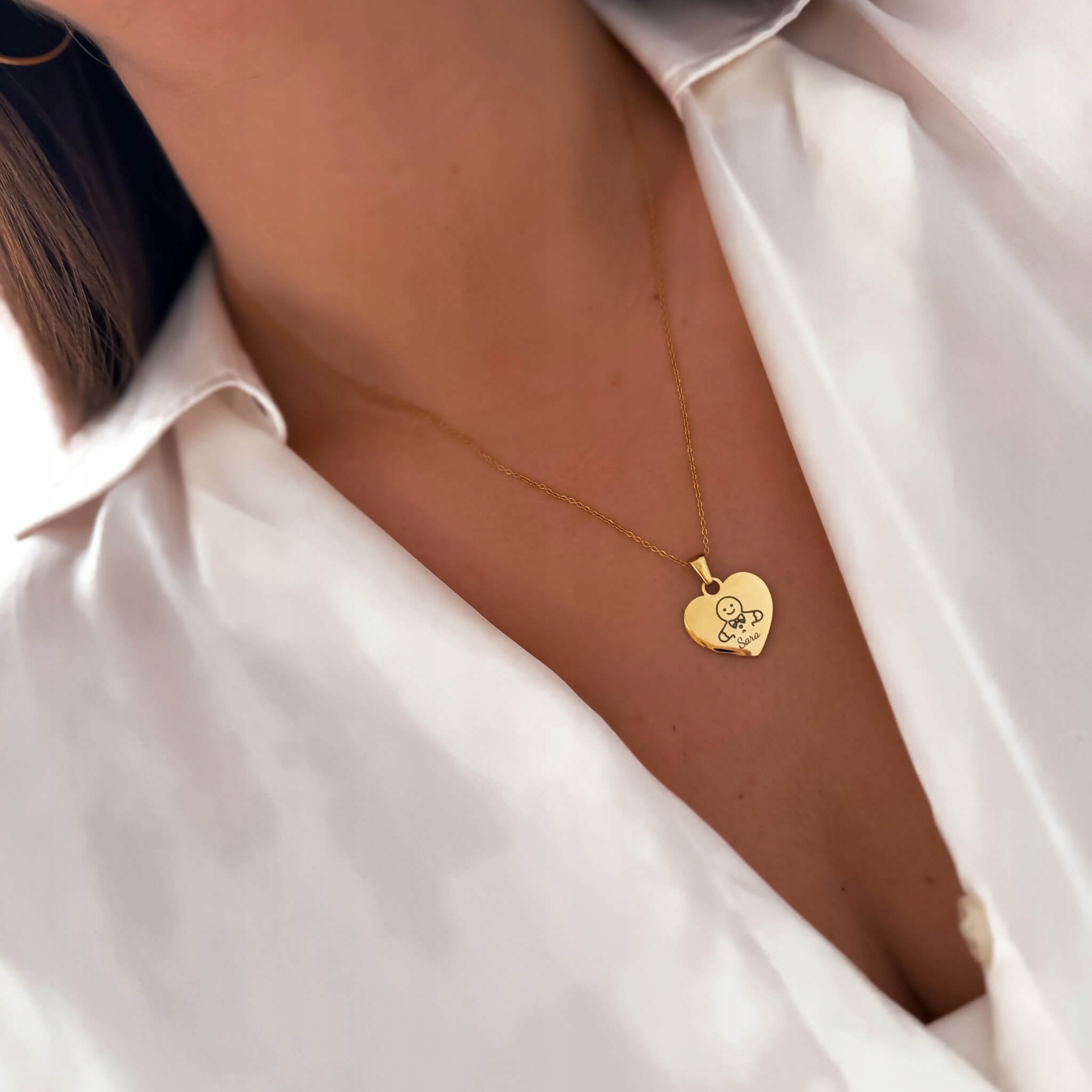 Złoty naszyjnik z grawerem serduszko pierniczek personalizacja imię prezent
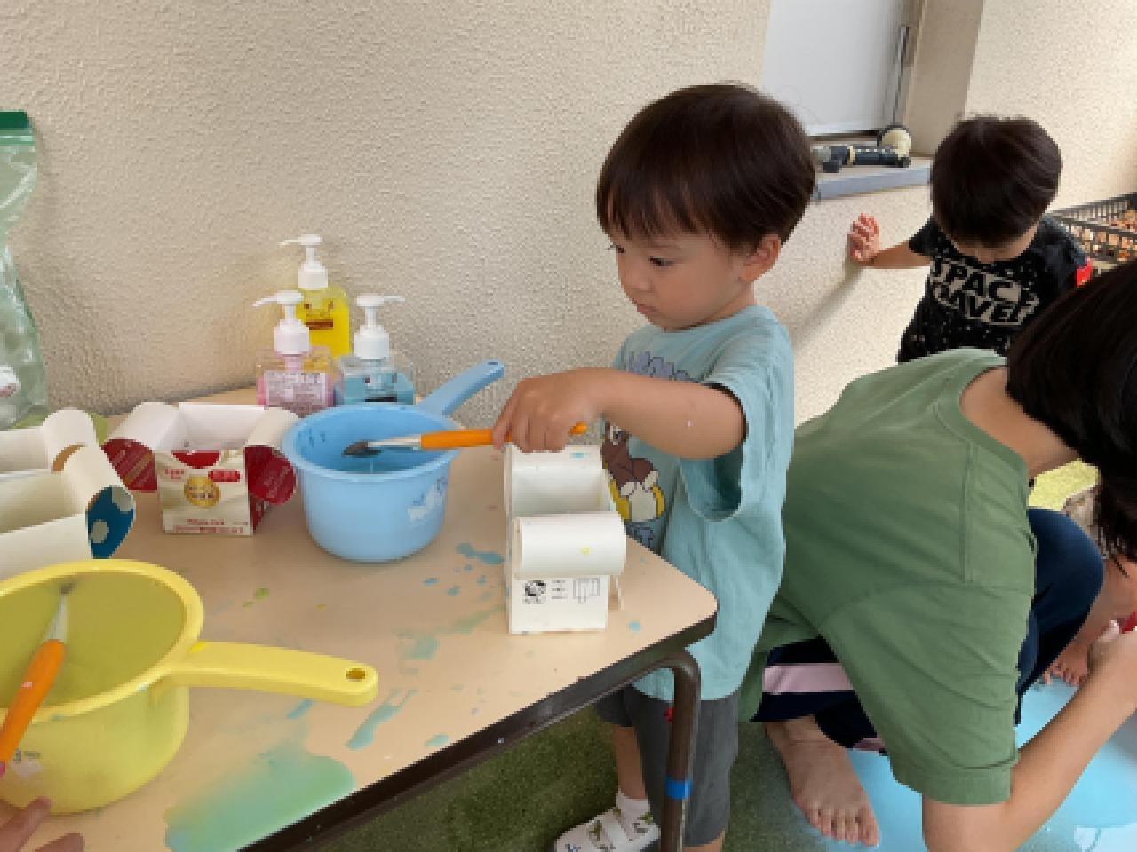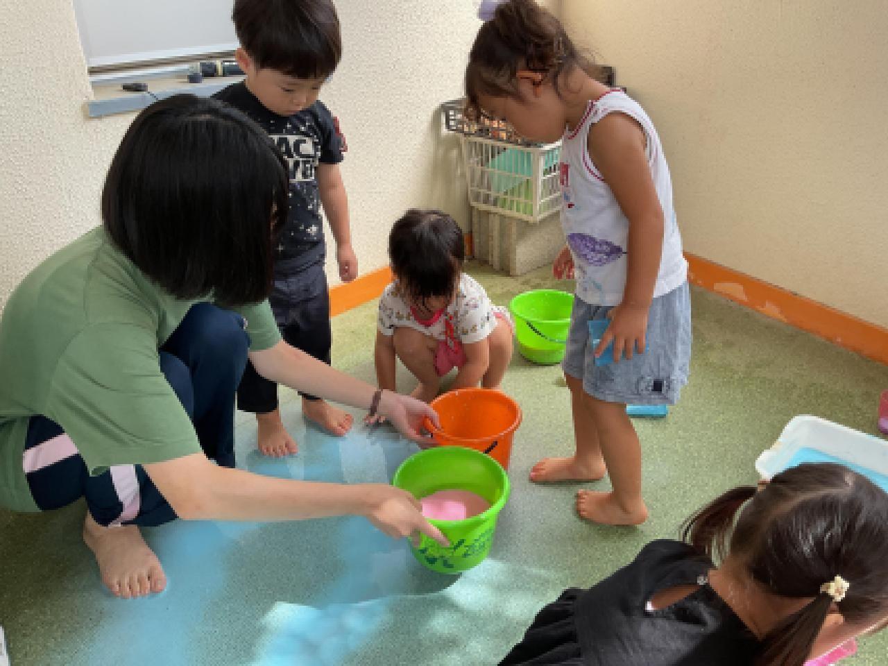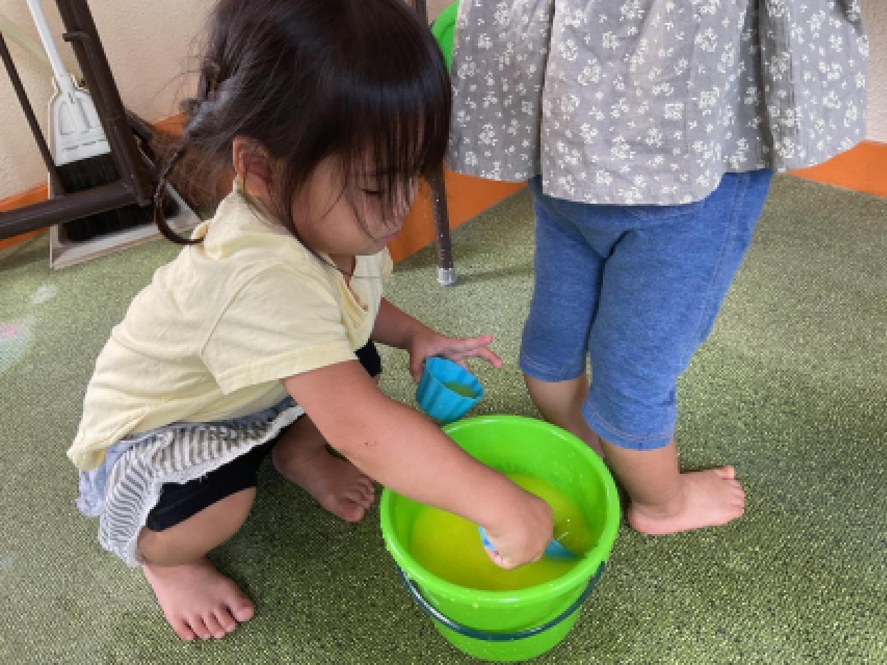 パシャパシャと水の感覚を楽しんだり、色んな色を作ったりとたくさん遊びました✨
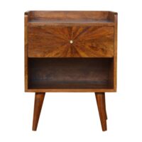 For storing bits and pieces before bedtime, this piece of furniture will prove handy all over your home. It is constructed from 100% solid mango wood in a chestnut finish and has a sunrise pattern on the drawer front. It features 4 nordic style legs and a shiny candle knob along with 4 nordic style legs. This bedside is bound to be the perfect partner for your bed.
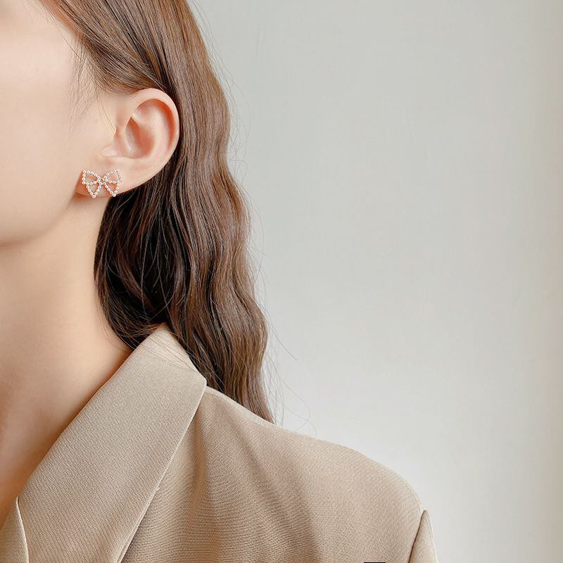 シルバーニードルパールバタフライスタッドピアスメスEHE
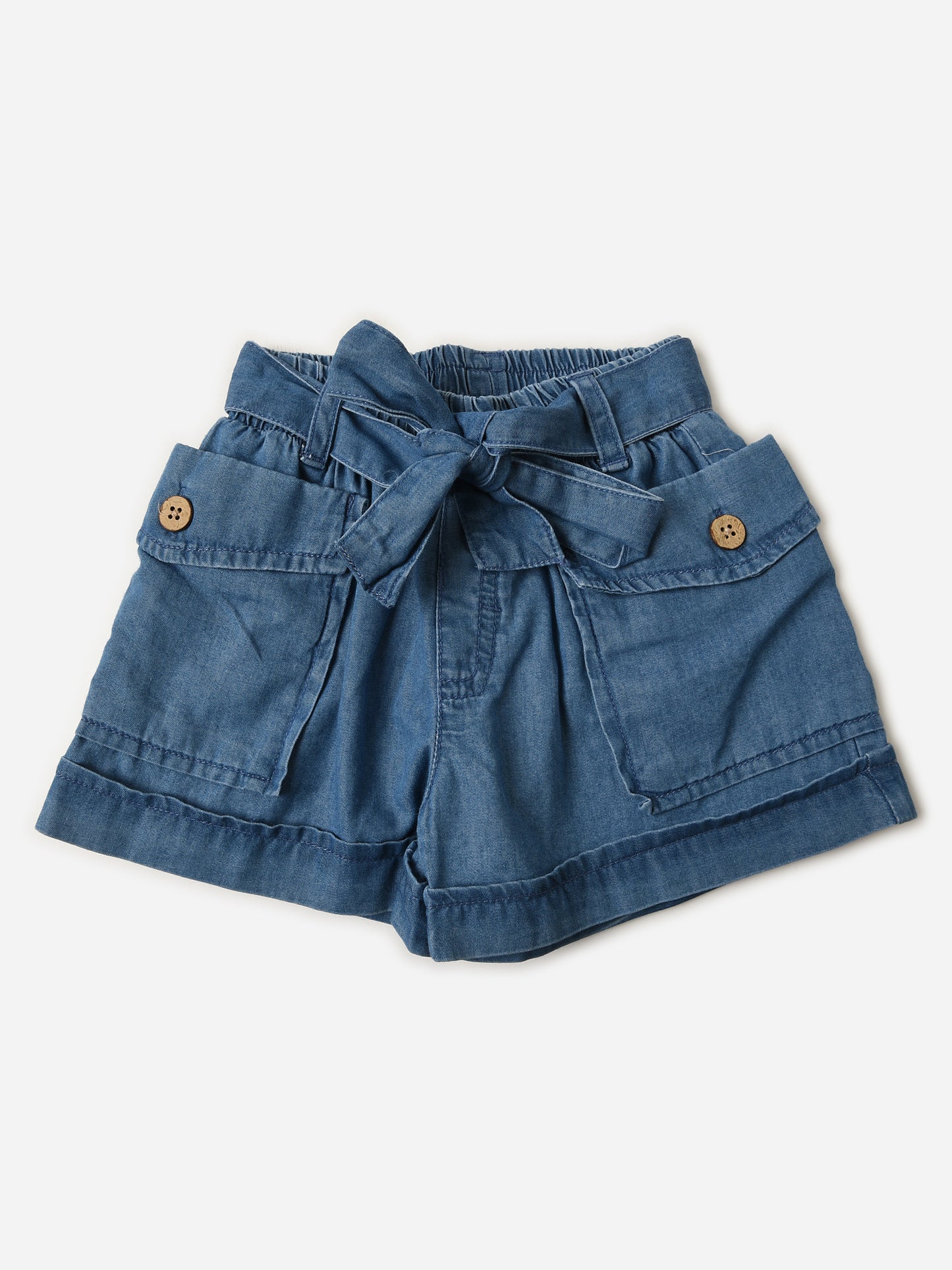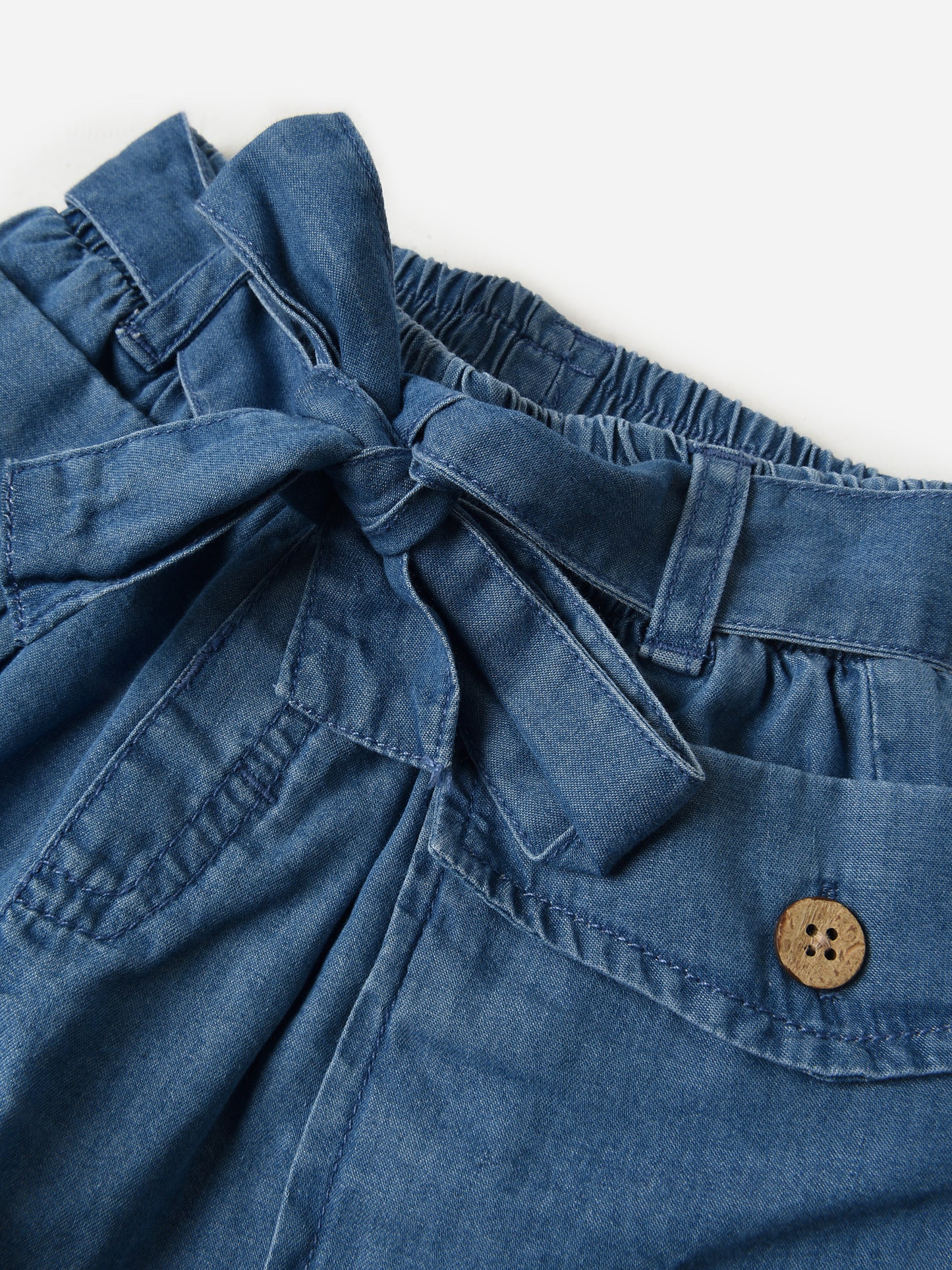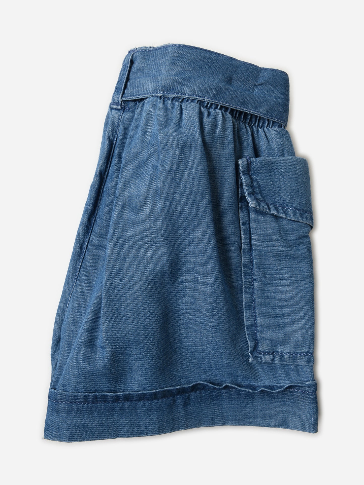 A lightweight pull-on short made from cotton-lyocell with button pockets and a self-tie belt.

ACTIVITY = Set down the records above exactly as written, beginning with the first line and ending with the line that contains "パシャパシャと水の感覚を楽しんだり、色んな色を作ったりとたくさん遊びました✨", and do not include pictures.

SOLUTION TO THE PROBLEM =
 Złoty naszyjnik z grawerem serduszko pierniczek personalizacja imię prezent
 パシャパシャと水の感覚を楽しんだり、色んな色を作ったりとたくさん遊びました✨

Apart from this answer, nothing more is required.